Auf Antrag seiner Kommission – wenn auch gegen starken freisinnig-liberalen Widerstand – schloss sich der Ständerat mit 24 zu 13 Stimmen bei der Eispende und mit 20 zu 18 Stimmen bei der Präimplantationsdiagnostik der restriktiveren Linie des Nationalrates an. Nach der Beseitigung dieser beiden letzten wesentlichen Differenzen konnte das Gesetz definitiv bereinigt und verabschiedet werden. Nach einem Quiproquo, das in einer ersten Abstimmung zur Ablehnung der Vorlage führte, nahm der Nationalrat diese mit 132 zu 18 Stimmen an. Das mässige Resultat im Ständerat (26:13 Stimmen) wurde als Zeichen der Enttäuschung von FDP und LP über das Entgegenkommen an die grosse Kammer gewertet [42].
 
[40] Amtl. Bull. NR, 1998, S. 1297 ff., 1310 ff. und 1317 ff. Der Minderheitsantrag der SP unterlag mit 94:64 Stimmen, jener von Hollenstein mit 107:54, jener von Simon mit 101:34 und jener von Sandoz mit 114:40 Stimmen. Vgl. SPJ 1997, S. 250 f.

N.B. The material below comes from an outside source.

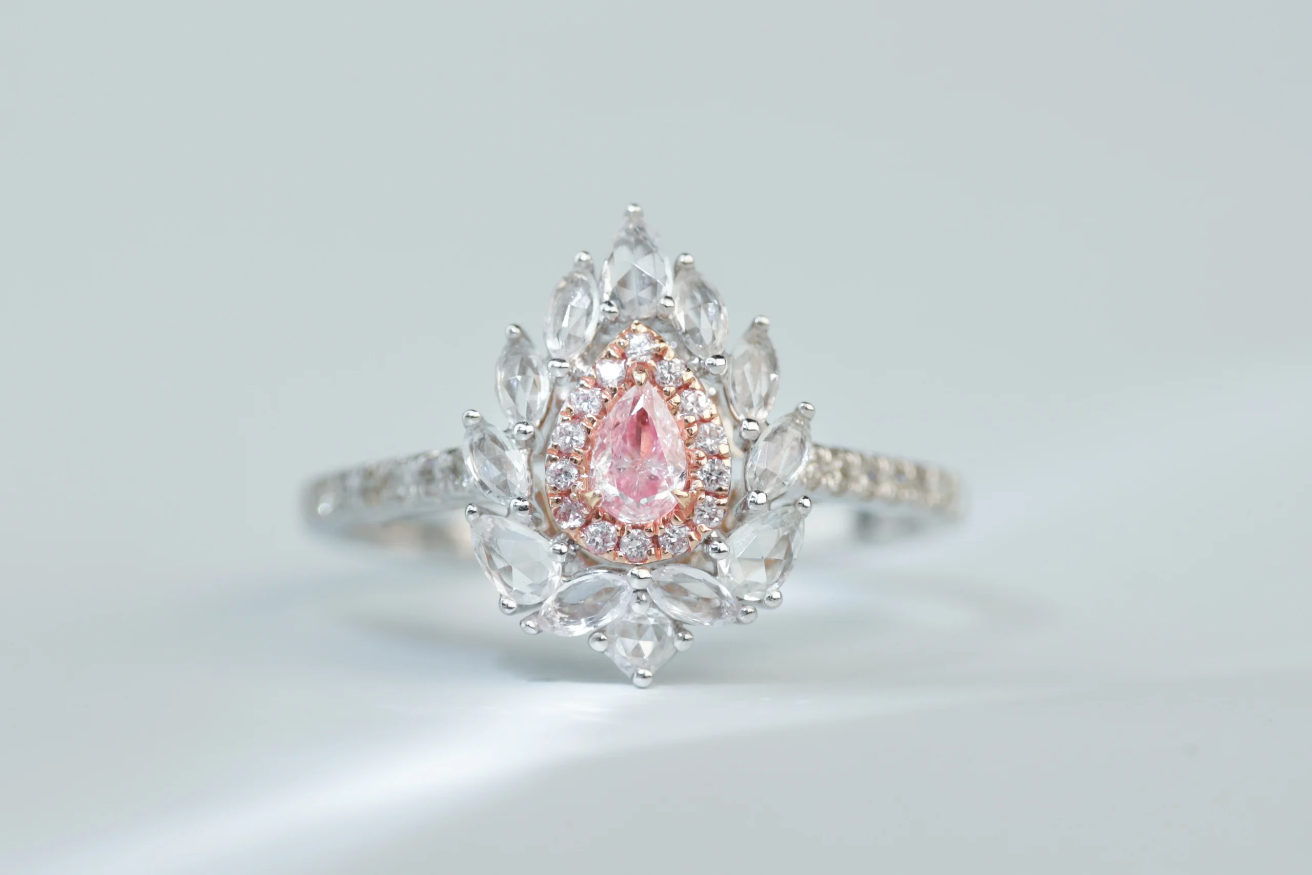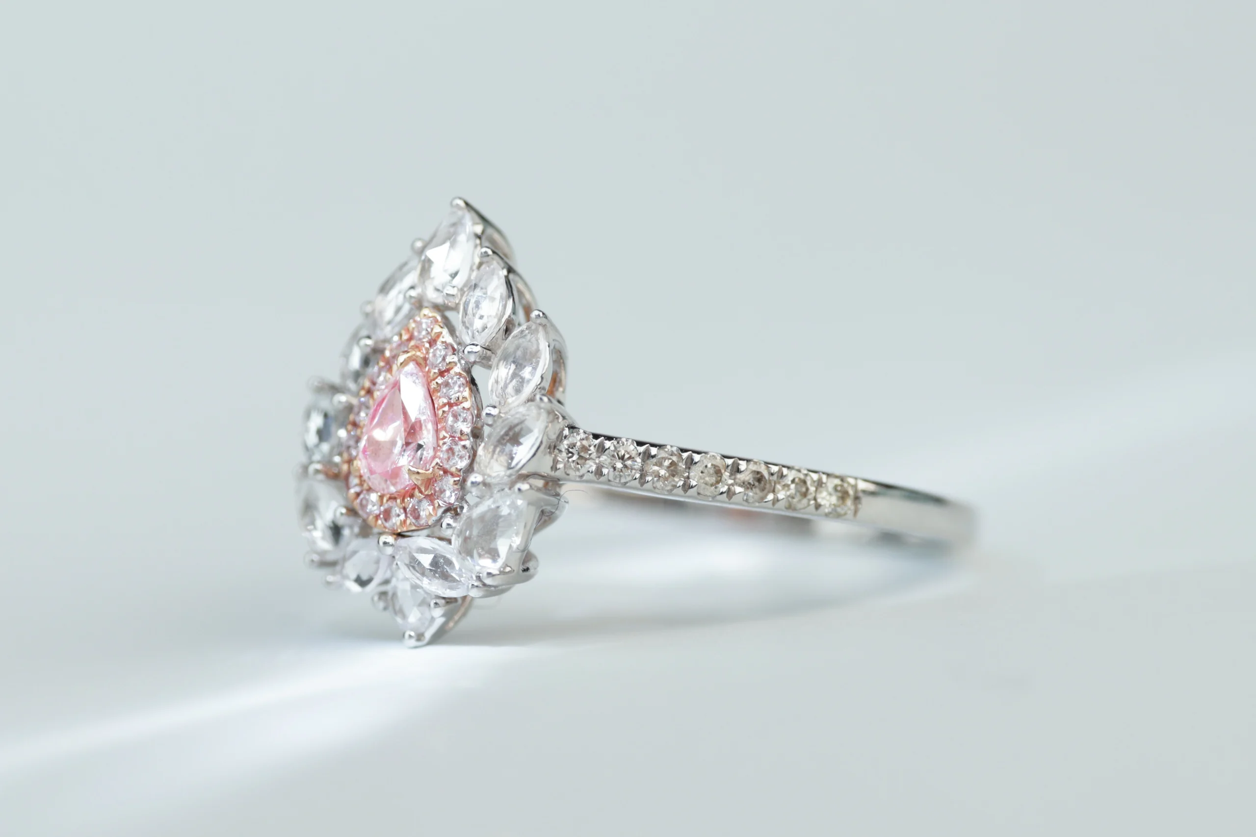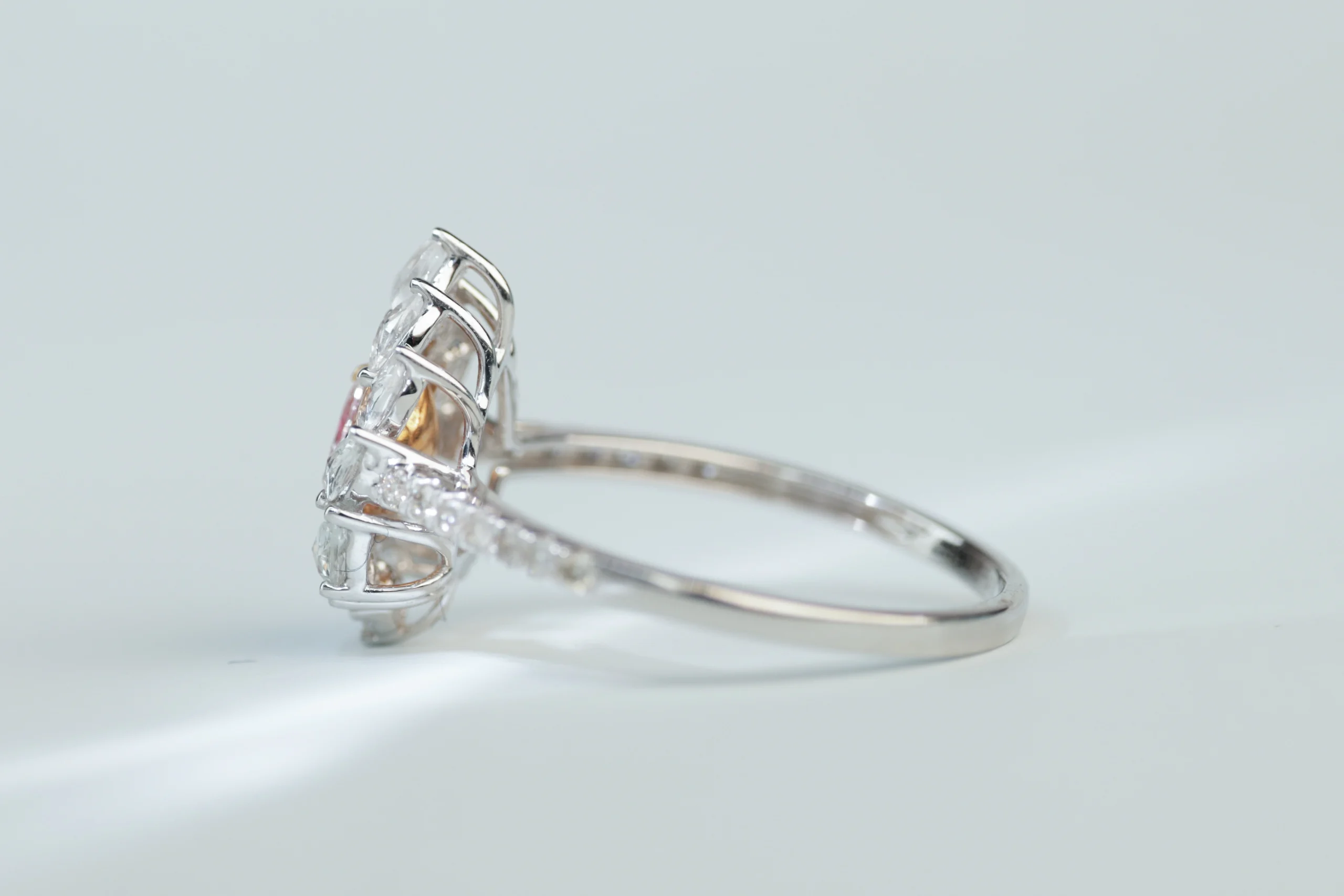 Золотое кольцо общим весом 2,22 гр с 1 розовыми бриллиантами в огранке «груша», 0,10 кт, цвет 6, чистота 6; 13 розовыми бриллиантами в огранке «круглая», 0,04 кт, цвет 6, чистота 5; 12 бриллиантами в огранке «маркиз», 0,20 кт, цвет 4, чистота 5. Размер центральной части 13 х 10 мм.

[41] Amtl. Bull. NR, 1998, S. 1324 ff., 1401 ff. und 1421 ff. Weitere Elemente der Vorlage (Verbot der Embryonenspende, der Leihmutterschaft und der Herstellung von Embryonen zu Forschungszwecken sowie Zulassung von Konkubinatspaaren zur Samenspende Dritter) gaben, wie schon im StR, kaum Anlass zu Diskussionen.
[42] Amtl. Bull. StR, 1998, S. 937 ff. und 1403; Amtl. Bull. NR, 1998, S. 2444 f. und 2555 f. Die FDP-Fraktion der Bundesversammlung überlegte sich, das Referendum gegen das Gesetz zu ergreifen, da die Chance für eine moderne, ethisch vertretbare Wissenschaftspolitik und -entwicklung durch eine “unrühmliche wissenschafts- und frauenfeindliche Koalition aus CVP und SP” vertan worden sei (NZZ, 23.11.98).